Data for processing |

═══

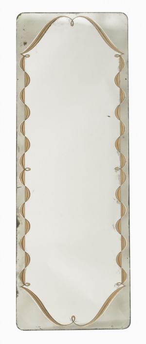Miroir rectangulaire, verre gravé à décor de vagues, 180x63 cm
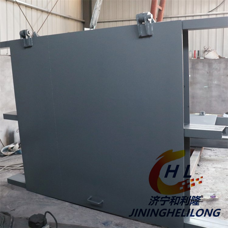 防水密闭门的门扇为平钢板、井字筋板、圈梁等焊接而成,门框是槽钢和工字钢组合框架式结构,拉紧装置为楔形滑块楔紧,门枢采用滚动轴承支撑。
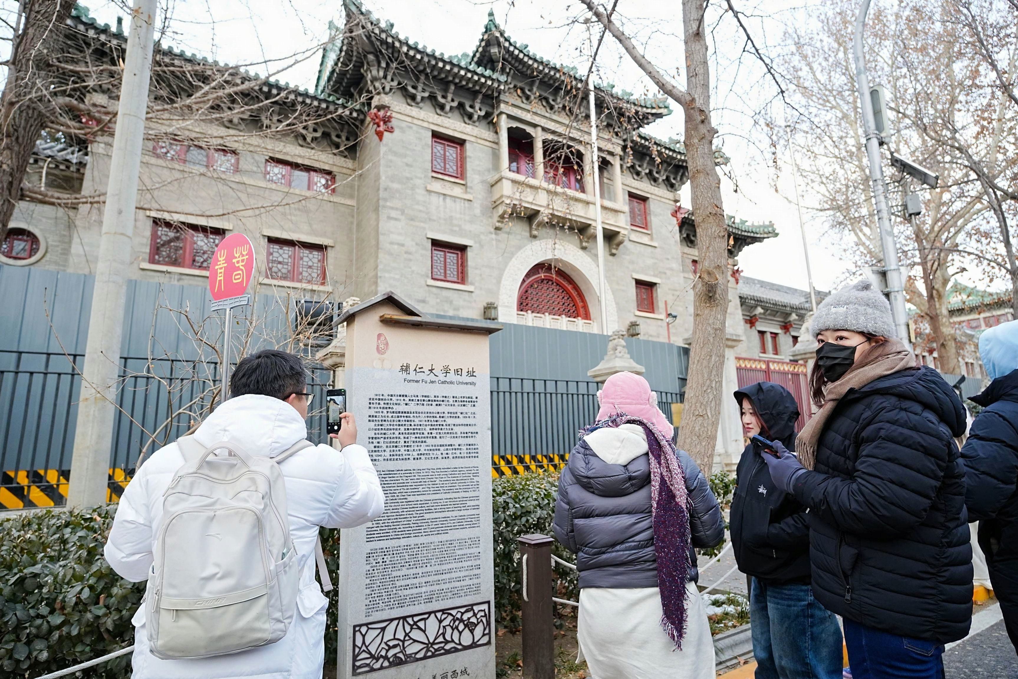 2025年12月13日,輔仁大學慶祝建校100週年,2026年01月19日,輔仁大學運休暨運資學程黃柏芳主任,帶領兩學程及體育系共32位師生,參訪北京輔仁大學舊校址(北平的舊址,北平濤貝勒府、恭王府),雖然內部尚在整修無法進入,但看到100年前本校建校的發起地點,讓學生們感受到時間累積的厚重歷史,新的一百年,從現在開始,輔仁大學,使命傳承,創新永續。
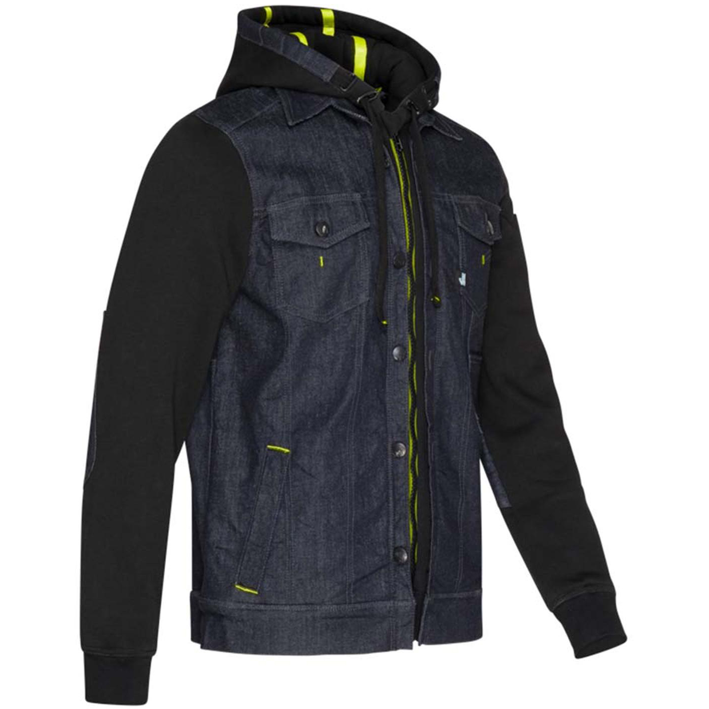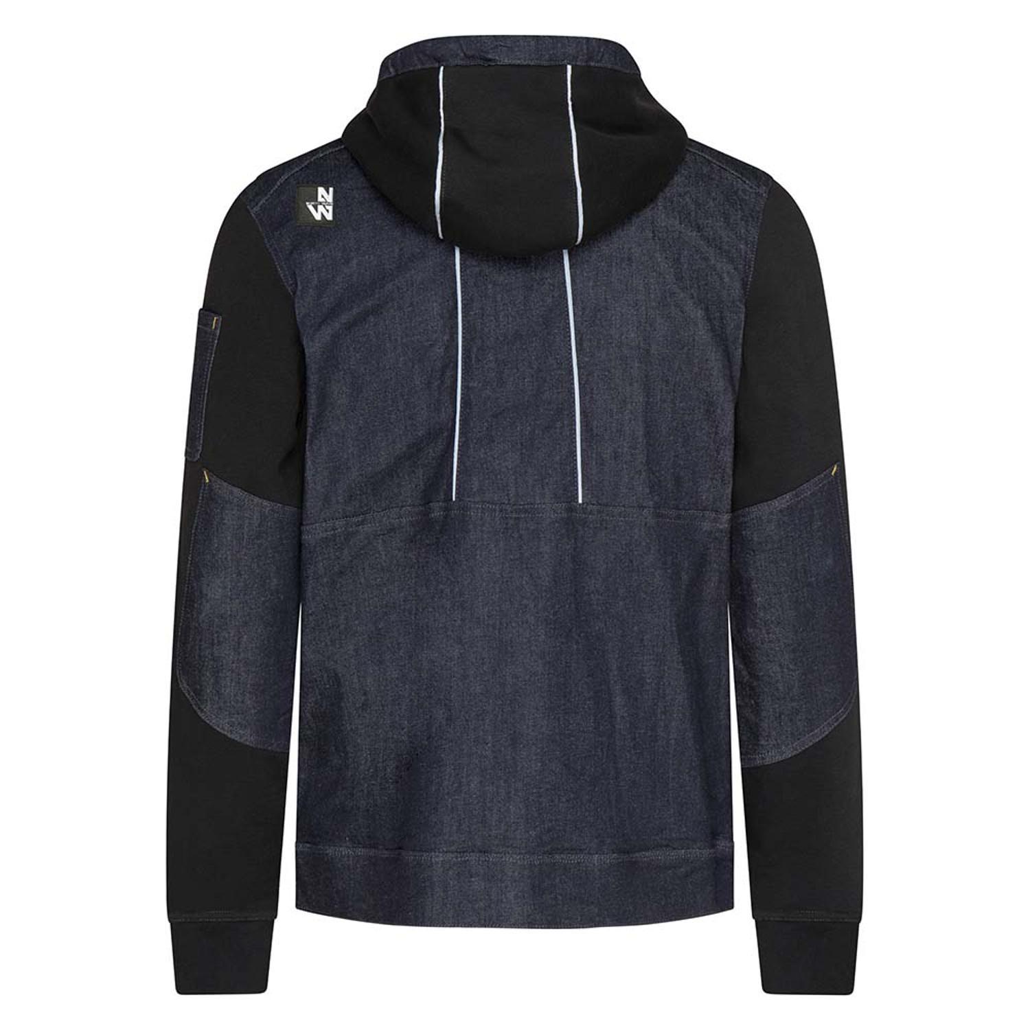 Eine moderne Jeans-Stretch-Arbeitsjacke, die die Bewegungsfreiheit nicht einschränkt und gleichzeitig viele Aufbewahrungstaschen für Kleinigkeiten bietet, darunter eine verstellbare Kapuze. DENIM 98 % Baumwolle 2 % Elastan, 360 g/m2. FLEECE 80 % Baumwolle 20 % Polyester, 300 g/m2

═══

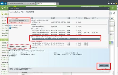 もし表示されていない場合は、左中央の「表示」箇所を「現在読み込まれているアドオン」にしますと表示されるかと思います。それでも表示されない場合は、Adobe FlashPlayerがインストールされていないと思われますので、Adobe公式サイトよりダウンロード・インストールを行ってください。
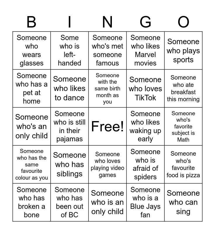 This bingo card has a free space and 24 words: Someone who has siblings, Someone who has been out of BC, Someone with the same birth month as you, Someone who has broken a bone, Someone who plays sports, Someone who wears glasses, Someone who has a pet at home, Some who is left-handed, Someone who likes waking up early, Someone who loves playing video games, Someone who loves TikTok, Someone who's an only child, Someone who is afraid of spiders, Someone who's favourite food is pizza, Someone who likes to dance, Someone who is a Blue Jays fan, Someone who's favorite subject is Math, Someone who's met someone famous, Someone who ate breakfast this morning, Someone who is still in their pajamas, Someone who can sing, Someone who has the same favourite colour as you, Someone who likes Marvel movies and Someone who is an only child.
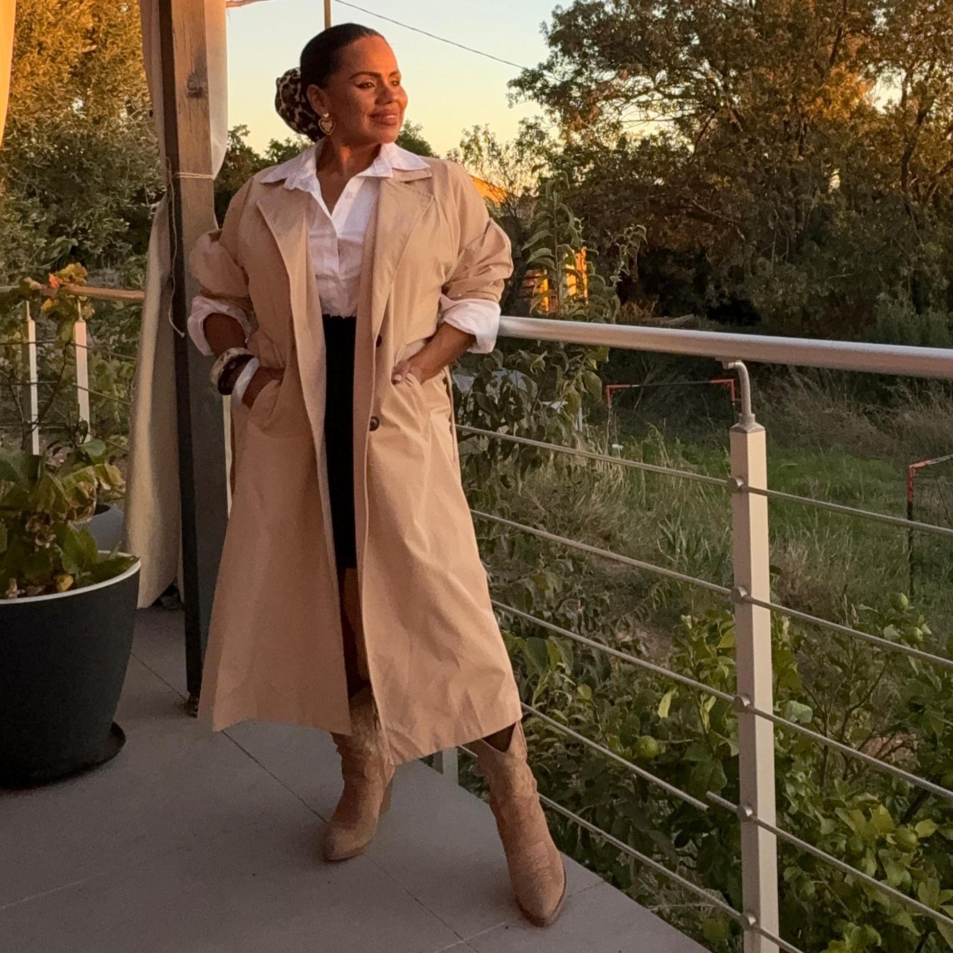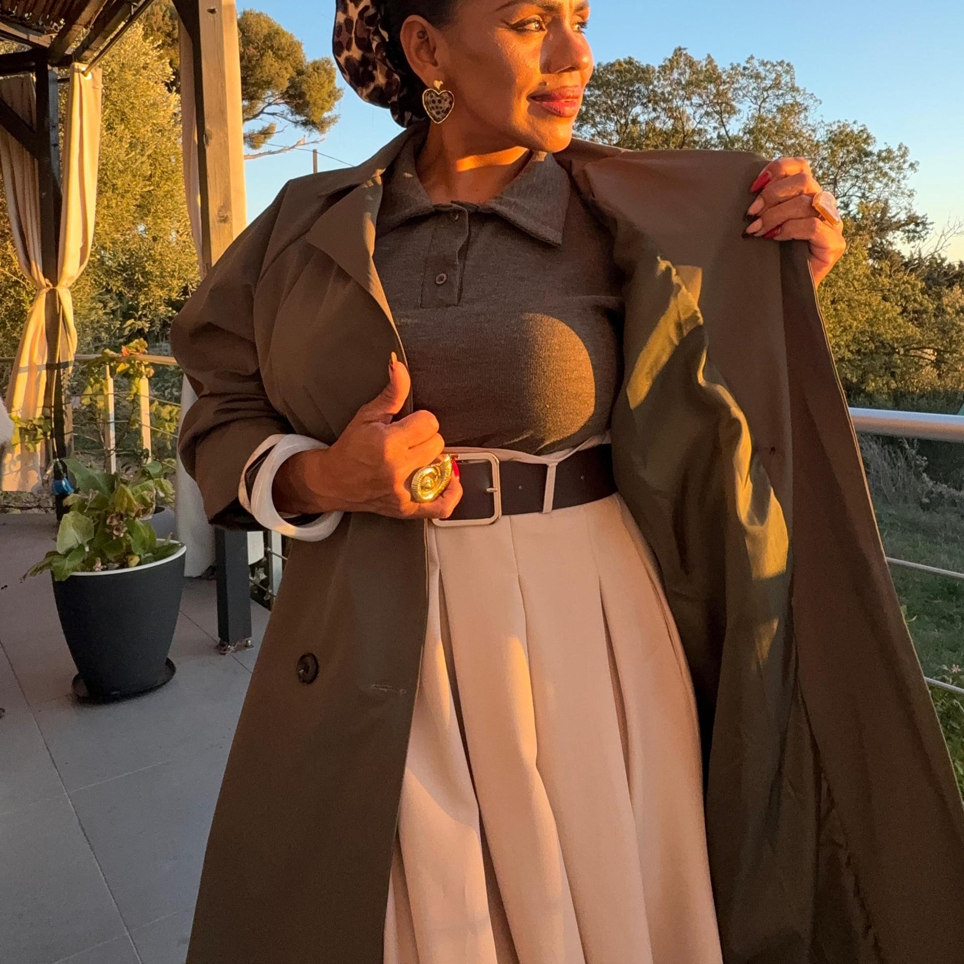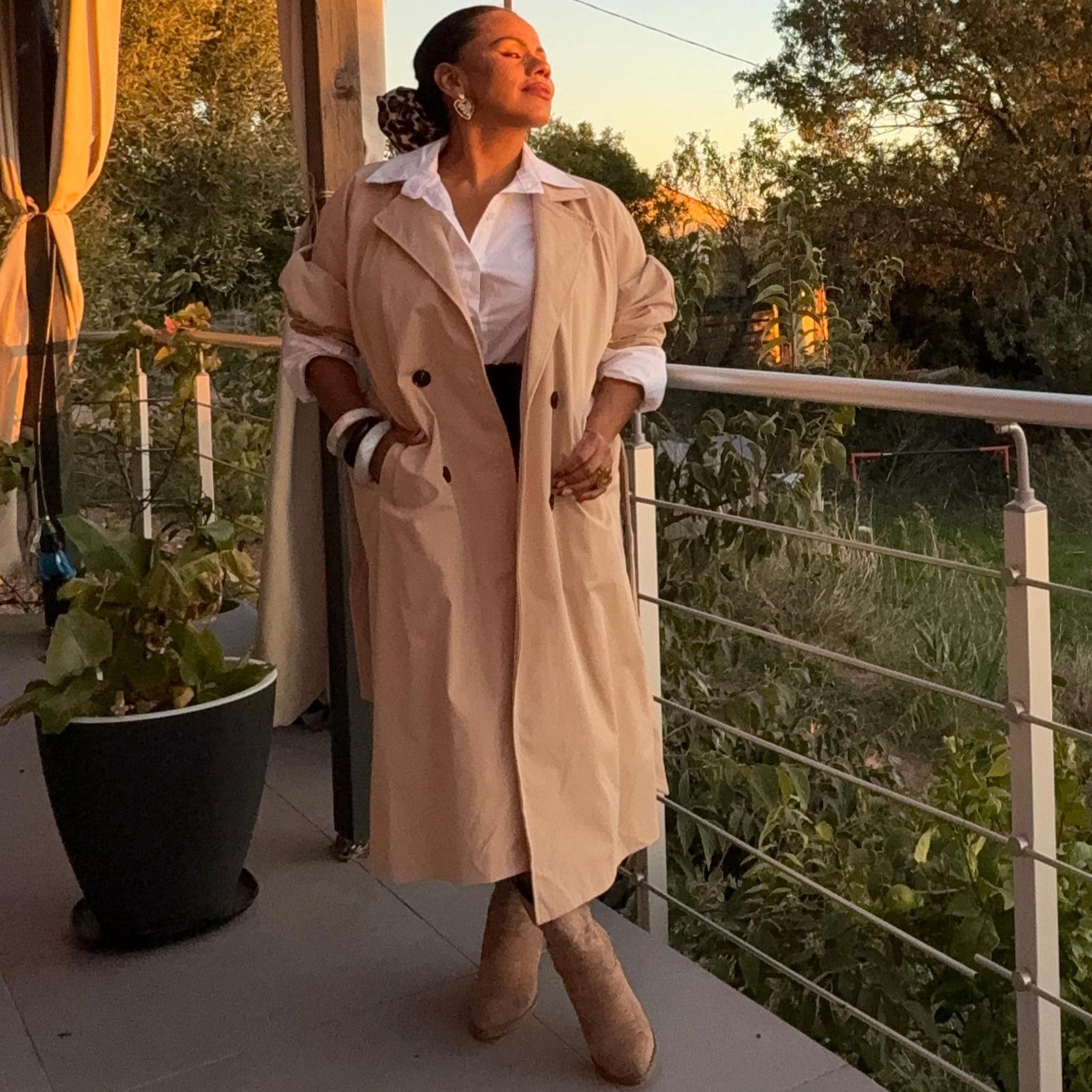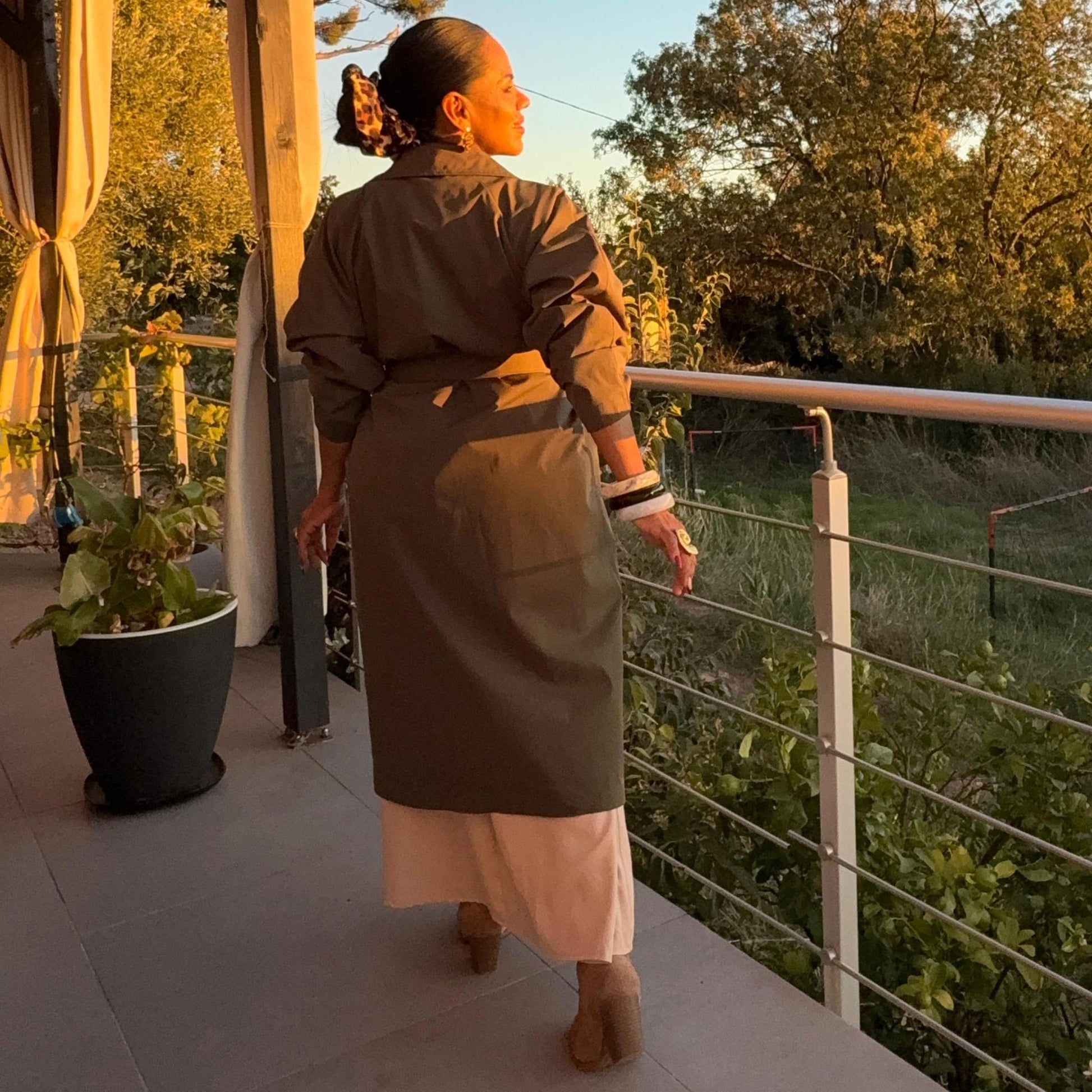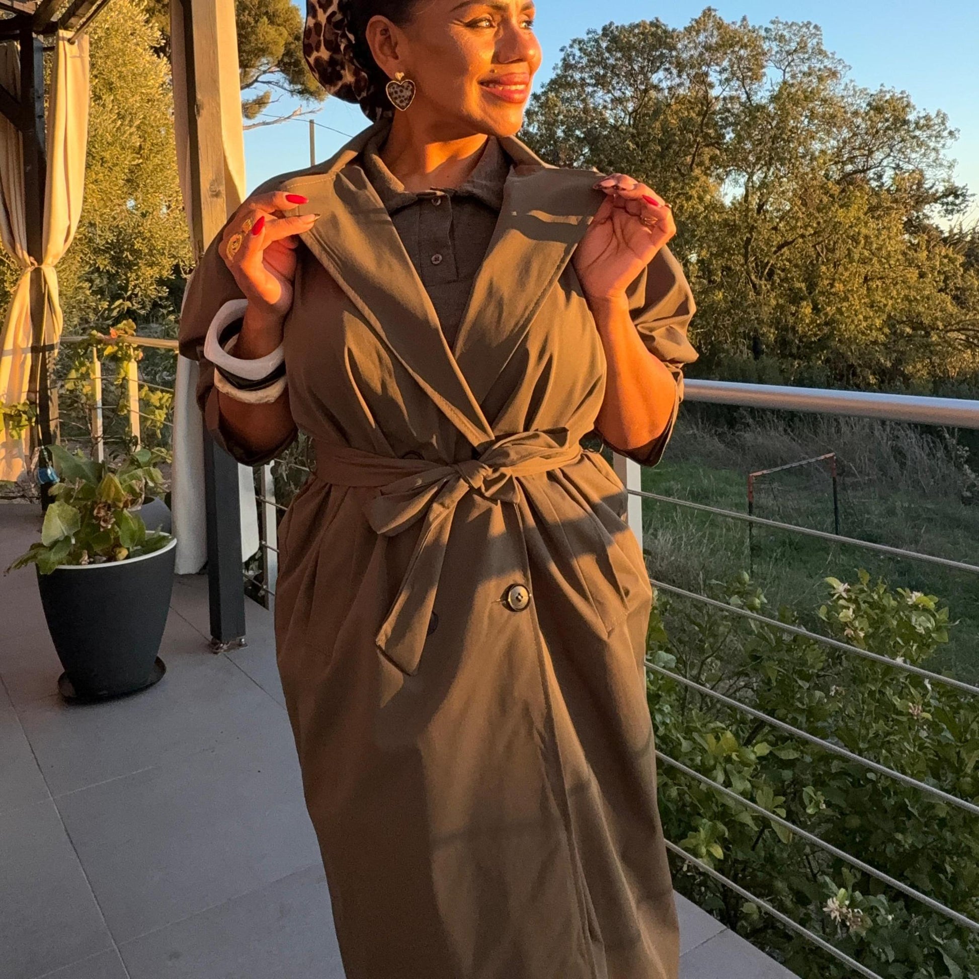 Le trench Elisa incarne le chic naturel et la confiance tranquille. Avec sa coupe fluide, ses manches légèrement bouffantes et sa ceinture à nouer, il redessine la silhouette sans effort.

═══

Would you give again, exactly, the lines in the data above that run from the line containing "もし表示されていない場合は、" to the line containing "Le trench Elisa"? Include both ends and no pictures.

Solution for this task |
 もし表示されていない場合は、左中央の「表示」箇所を「現在読み込まれているアドオン」にしますと表示されるかと思います。それでも表示されない場合は、Adobe FlashPlayerがインストールされていないと思われますので、Adobe公式サイトよりダウンロード・インストールを行ってください。
 This bingo card has a free space and 24 words: Someone who has siblings, Someone who has been out of BC, Someone with the same birth month as you, Someone who has broken a bone, Someone who plays sports, Someone who wears glasses, Someone who has a pet at home, Some who is left-handed, Someone who likes waking up early, Someone who loves playing video games, Someone who loves TikTok, Someone who's an only child, Someone who is afraid of spiders, Someone who's favourite food is pizza, Someone who likes to dance, Someone who is a Blue Jays fan, Someone who's favorite subject is Math, Someone who's met someone famous, Someone who ate breakfast this morning, Someone who is still in their pajamas, Someone who can sing, Someone who has the same favourite colour as you, Someone who likes Marvel movies and Someone who is an only child.
 Le trench Elisa incarne le chic naturel et la confiance tranquille. Avec sa coupe fluide, ses manches légèrement bouffantes et sa ceinture à nouer, il redessine la silhouette sans effort.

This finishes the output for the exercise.